Obama is hated the same way on the left. I find his position on civil liberties—basically, that they don’t exist for people with strange facial hair and strange accents—repulsive, and his foreign policy not much better, but on both counts he is surely in line with most Americans, and most definitely in line with the CIA, FBI, and the Pentagon, who all want to be allowed to hunt their scalps without having to decide if the people they’re harassing, imprisoning, torturing, or killing are “deserving” of the treatment they receive. It takes an ugly man to run an ugly country, and Obama isn’t afraid to be ugly.

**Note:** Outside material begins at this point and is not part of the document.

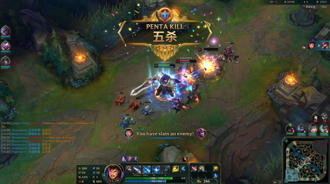 提示词:一比一复刻游戏中的场景,生成一张英雄联盟游戏中“Penta Kill”的截图。

On domestic policy, left-wing critics like Glenn Greenwald, so right on civil liberties and foreign affairs, look to me to be as pathetic as the conservatives. They can’t see that Obama’s failures, and compromises, reflect what the electorate really wants. Most voting Americans are not excited about helping outsiders, who are the people that liberals really want to help. While liberals endlessly bemoan the disappearance of the American middle class, the American middle class is still there, demanding favors, and a large chunk of the American middle class—the Tea Party chunk—is mad as hell at liberalism, “socialism,” or whatever the hell it is they think they’re mad at. Anyway, times are hard. One can almost envy Brinkley back in the day when all we had to worry about was communism, Vietnam, and institutionalized racism. Because back then we thought we knew what we were doing. Now we don’t, and pretending hard that we do is wearing us out.
*Brinkley makes an appearance in my novel, quite unhistorically, because he died in 2003, before the events in the book take place. In addition to being unhistorically alive, Brinkley says any number of things in the book that he would not have said in real life (because they’re not true).
†Robert Kennedy was a very reluctant supporter of civil rights as attorney general (he was much more enthusiastic about killing Castro), but he did support them, when he absolutely had to. For all his reluctance, he was surely the most hated man in the South, even more than Martin Luther King, who was, after all, black. What could you expect?